Mar 24 2008
New UK legislation coming into effect on 15 April 2008 – the Renewable Transport Fuel Obligation – will mean that biofuels must show significantly smaller carbon footprints than their petroleum-based cousins in order to keep their government subsidies.
But governments of the UK, the EU, Germany and the US disagree seriously about biofuel footprints, and this could lead to confusion in the fuel markets, says Eric Johnson, editor of Environmental Impact Assessment Review, in an article published in the Society of Chemical Industry’s magazine, Chemistry & Industry (C&I).
For example, bioethanol made from US corn offers a carbon saving of over 40%, according to German proposals. The US government, by contrast, reckons a 22% saving while the UK rates it at 20% carbon negative. “Bioethanol from US corn will win in Germany, barely pass muster under US rules and lose in the UK,” he says.
“These differences will be problematic for producers. What works in Woking may not in Wermelshausen, and vice versa. Surely there soon will be a scramble of lobbyists to countries that have yet to define their rules. This also may be problematic for governments. The danger in proposing rules so different is that not just producers, but ultimately the public at large, may become cynical and begin to shy away from its so-far enthusiastic support of measures to combat global warming.”

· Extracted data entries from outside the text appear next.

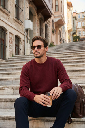 Buratti Slim Fit Bisiklet Yaka Pamuklu Erkek Kazak 456201 MÜRDÜM - Image 1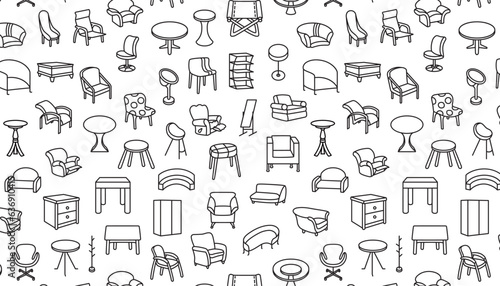 Vector seamless pattern with food delivery symbols, icons. Meal delivery service background, wrapping paper texture thin line art flat style design.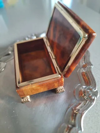 Elegante scatola vintage, un pezzo realizzato in Italia, - Finitura in stile tartarugato. - Dettagli dorati. - Base con piedini decorativi in acciaio.

Large sums of money are at stake. In 2007, tax credits handed out to biofuels in the developed world added up to €10 billion. But increasingly, the Government is looking to reward those biofuels that deliver higher carbon savings which will mean that future incentives will be linked directly to carbon savings, hence the new legislation in the UK, plus similar proposals have been tabled in Germany and the EU, and the legal framework is already in place for comparable rules in the Netherlands and the US.